Twice a month, legendary bartender/chef/restaurant insider Dave Mau pops by Stick A Fork In It to chime in about a random OC food or drink musing of his choice. Enjoy!!
Let's face it: downtown HB blows. I was literally right in the middle of things when the 1986 OP Pro riots started and, by the time I made my escape back to my then-home in the 909, there were cop-cars-a-burnin' and every dirtbag in town was getting clubbed by the riot police.
The place has never been the same since.
I sure miss the good old days before all the MMA jackasses started hanging out, and there were a few cool places to catch some live music and a cold brew. I long for the old Jack's on the corner before the whole place turned into the Glendale Galleria By-The-Sea nightmare it is now. The cops suck, the food is generally just awful (peep Dos Toros and explain to me how a bunch of guys in the kitchen can fuck up an order of taquitos) and, quite simply put, the whole scene there reminds me of what would happen if Riverside and Jersey Shore had a baby that was adopted/raised by Hemet and the Kardashians. El Don Liquor is basically the last holdout and I'm counting the seconds until it turns into a vape shop or pot dispensary.
There is one notable highlight though, just off the main drag, and that is the quiet sanctuary of TK Burger. Like a tiny surfer monastery populated with high-as-fuck locals fresh out of the water instead of monks, it has modestly preached its burger belief to the masses and has grown beyond the borders of its otherwise lame environs. Charles Lam here at The Weekly did a great side by side Bristol Street showdown awhile back – Umami Burger versus TK – and TK came out on top if you factored in price. I'd go as far as to say, even if you don't factor in the dollar signs, it would still come out on top. It's just a great burger.
There are a lot of hypotheticals in The Biz. There are also lots of thing that defy explanation and are as mysterious and enigmatic as the Bermuda Triangle.
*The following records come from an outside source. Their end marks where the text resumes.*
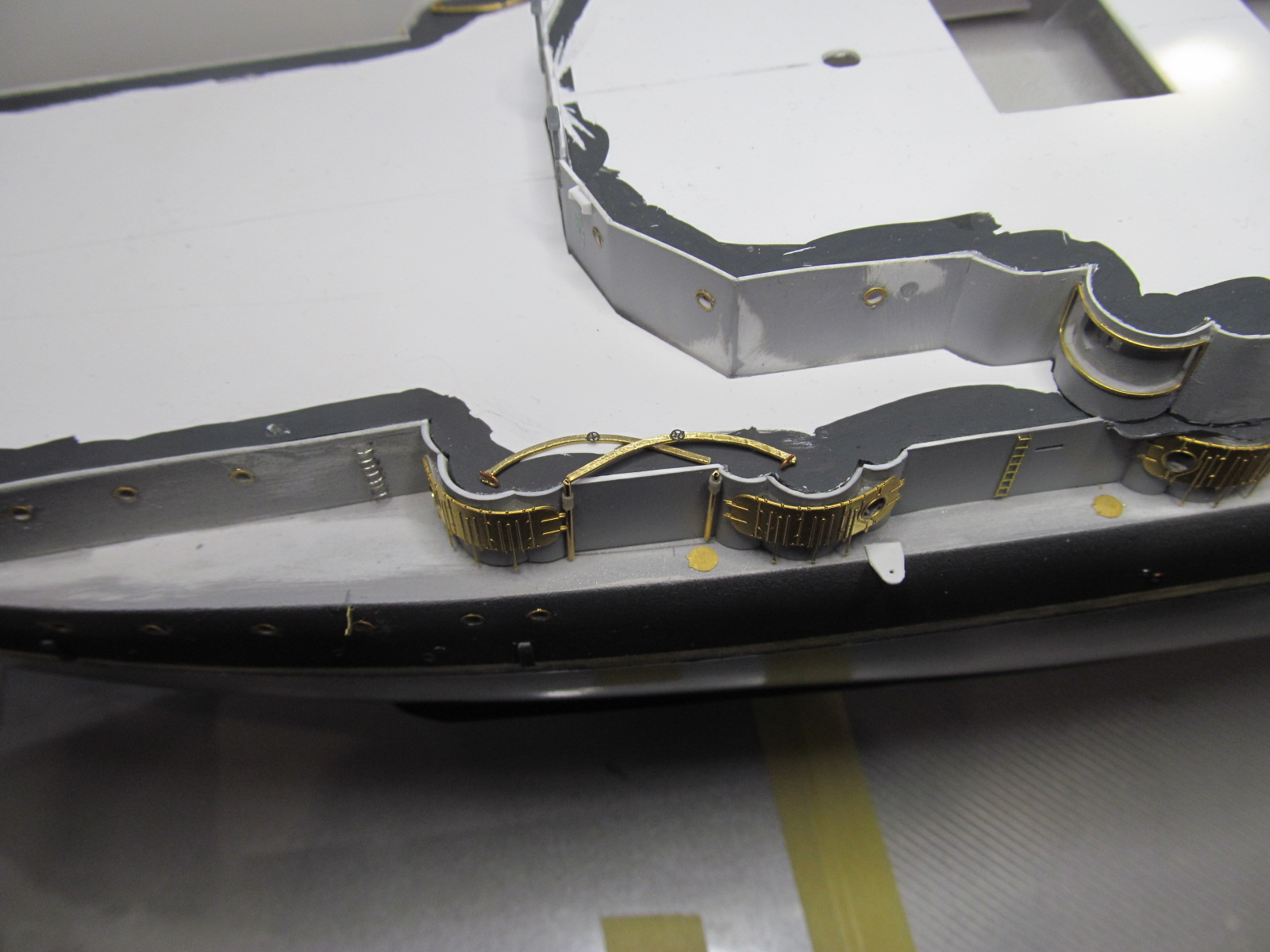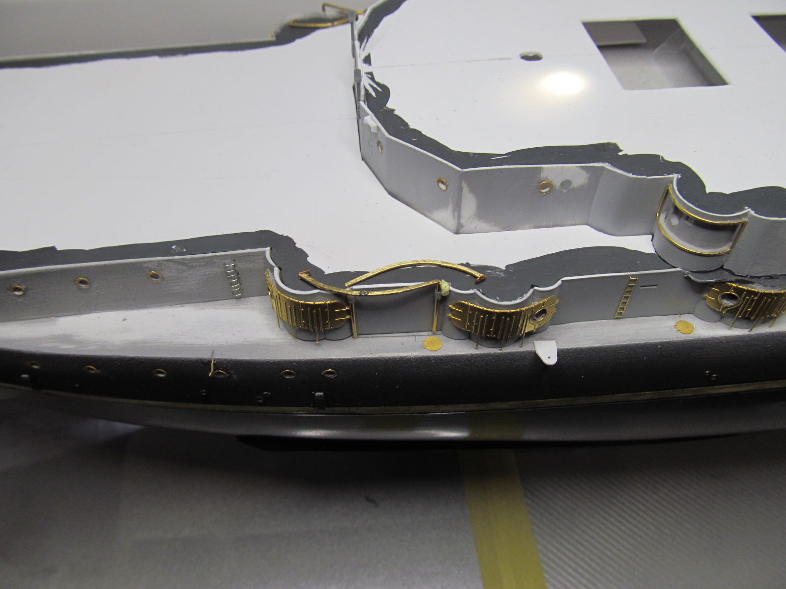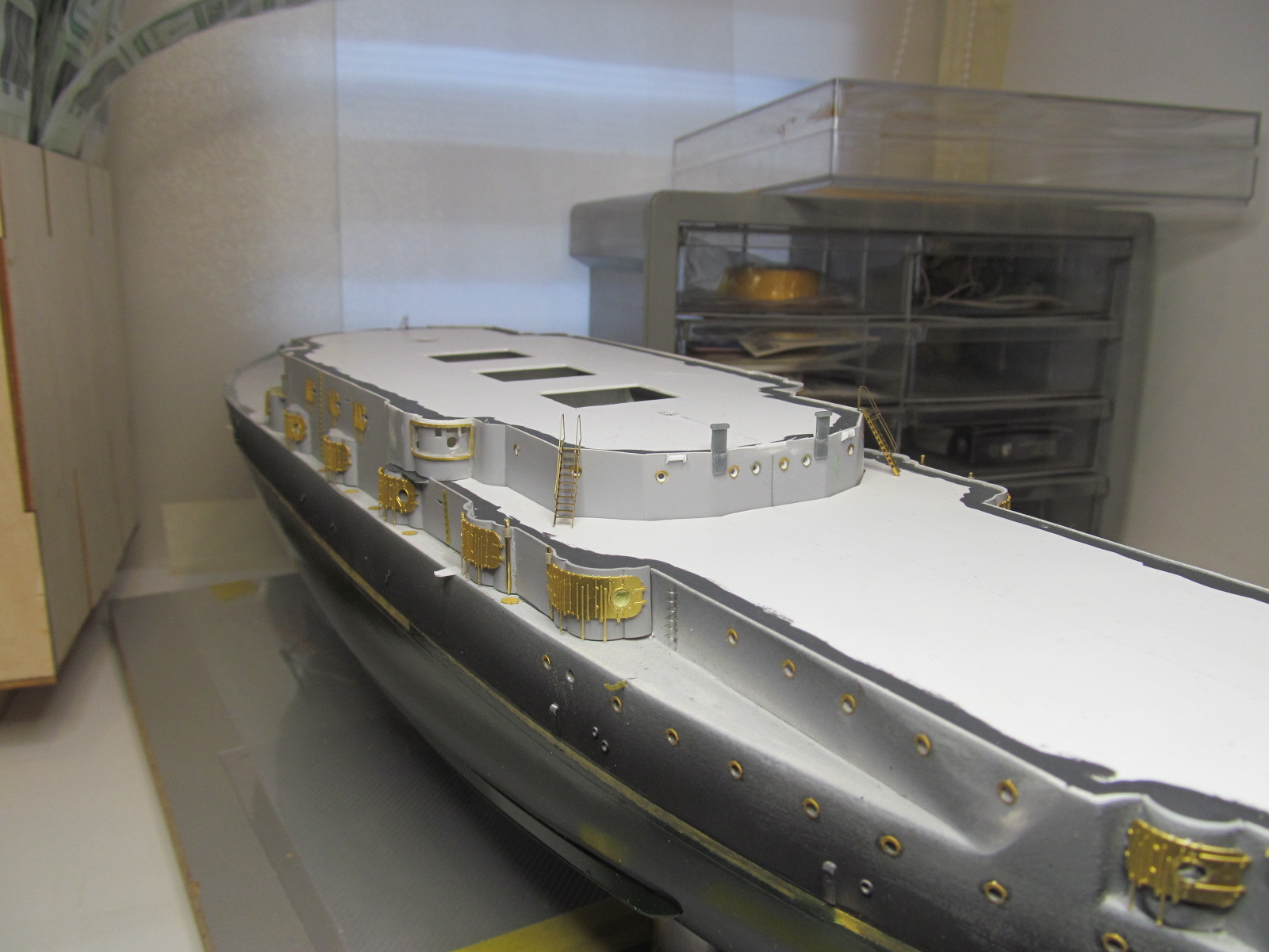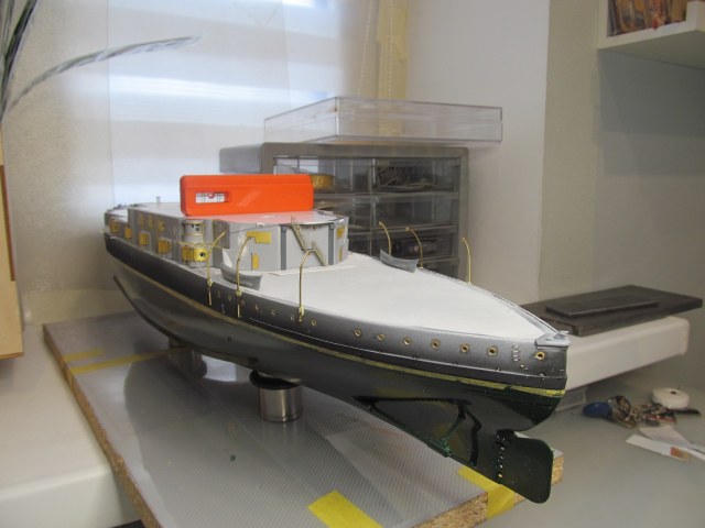 Итак, перед сдачей деталей, деталек, деталюшек и деталищ в покраску, решил ещё раз произвести контрольную примерку (с проверкой правильности мест их установки на корпусе и на палубе) их расположения.
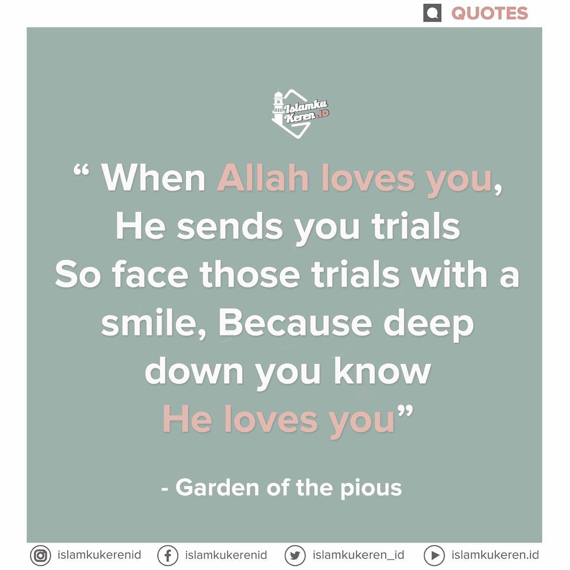 Islamkukeren Id En Twitter When Allah Loves You He Send You Trials So Face Thosetrial With Smile Because Deep Down You Know He Loves You Garden Of The Pious Https T Co Yg58iibhuo
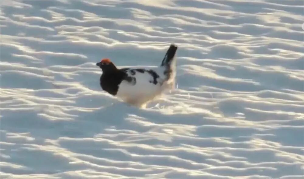 白茫茫的雪地里,雷鸟一身的羽毛,半白半黑,还挺显眼的。唉!都怪冬天来得太快,就连换羽速度很快的雷鸟,都还没来得及换上“冬装”。
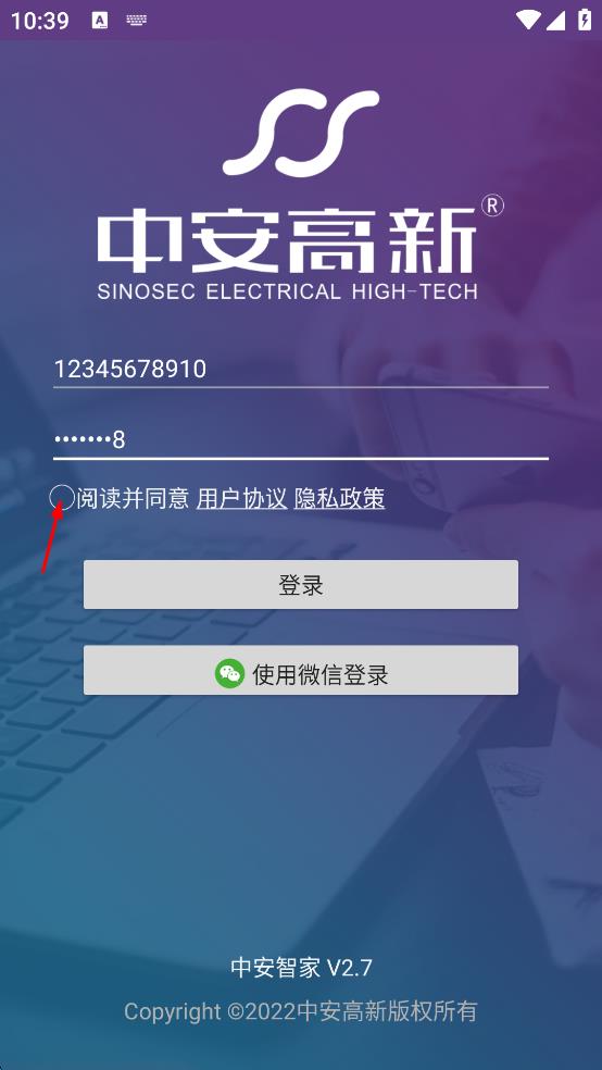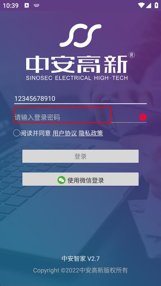 1、打開中安智家軟件,在登錄頁(yè)面輸入手機(jī)號(hào)碼。
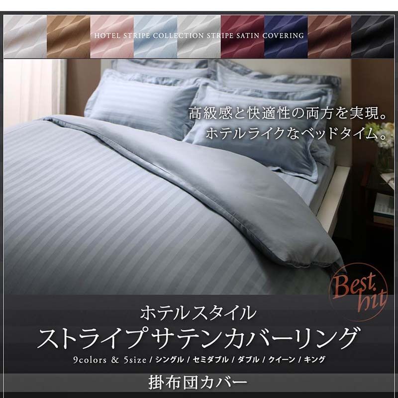 9色から選べるホテルスタイル ストライプサテンカバーリング 掛け布団カバー 【セミダブル】 高級感 快適性 贅沢な肌触り さらさら 上品 リバーシブル オールシーズン しわになりにくい 乾
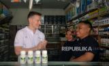Direktur Bayer Indonesia Florian Zirnstein berbincang saat meninjau salah satu kios BLFC binaan program Bayer untuk Indonesia (BISA) di Kabupaten Serang, Banten, Senin (13/11/2023). Program Bayer untuk Indonesia (BISA) ini bertujuan meningkatkan produktivitas pertanian dan kualitas kesehatan petani pedesaan. Memperingati Hari Kesehatan Nasional 2023, Bayer memperluas jangkauan pelaksanaan program ini ke enam Provinsi di Indonesia: Banten, Jawa Tengah, Jawa Barat, Jawa Timur, Bali dan NTT. (FOTO : Republika/Prayogi)
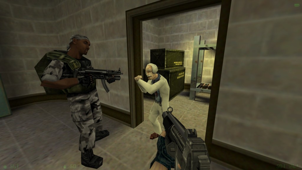 This narrative handwave neatly scoots past making the player feel bad about their role at Black Mesa, although it also loses some of the attitude and distinction compared to Gordan Freeman from the original game. In both games, the player is aided by both scientists and security guards against aliens and evil black ops. There are only a few instances of HECU roughing up scientists and they are much toned down from the original game where troops would gleefully mow down scientists.
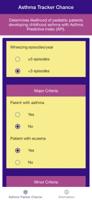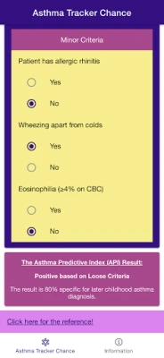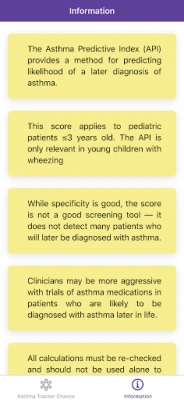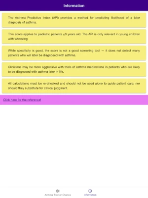 Disclaimer: all calculations must be re-checked and should not be used alone to guide patient care, nor should they substitute for clinical judgment. Calculations in "Asthma Tracker Chance - Asthma Predictive Index" app might be different with your local practice. Consult to expert doctor whenever necessary.

One of them is this – just exactly why is TK Burger so good? It's reminiscent of ol' Rumsfeld's "unknown unknowns" and this particular question is as slippery as trying to pin him down on WMDs.
They do the usual fresh ground beef thing. That's not groundbreaking but it's a plus. You can almost taste the grill at the original location much like the steak at La Cave has a distinct flavor to it that only comes from a broiler that has been in use for decades. They also use what I think it's the best bun in the county, with a medium-firm texture and just a hint of rye flour that smacks your nose just before you bite in. I am an iceberg lettuce guy, although I usually prefer the fine shred at the Greek burger joints like Orange's epic Omega Burger which–despite its interior being about as comfortable as a DMV–has a stand out burger and loyal following. (I'm also a big fan of Fantastic Cafe). The wax peppers on the side are great, even when they are warm from sitting out in the sun; in fact, it's sort of endearing. Their fries are fairly stock but whatever Lawry's Seasoned Salt-adjacent stuff they sprinkle on them fits perfectly. Even the sloppy wrap of the burger makes it approachable and unpretentious.
Maybe what makes TK Burger so good is its spiritus, its anime, maybe even mojo … but whatever it is, I'll take it. It's the gut feeling you get when you walk in with the janky menu board and stickers everywhere that tells you these guys aren't trying to be something they are not and don't have anything to prove except they make a solid, solid burger. And sitting on that patio with sand on your feet right after a paddle out at the cliffs makes it all the better.
Burgers are like people: you judge the good ones by choosing which you would want to be stuck on a desert island with. If I had to pick a Man Friday to my Robinson Crusoe, well, TK would get the nod to wash up onshore with me any day of the week.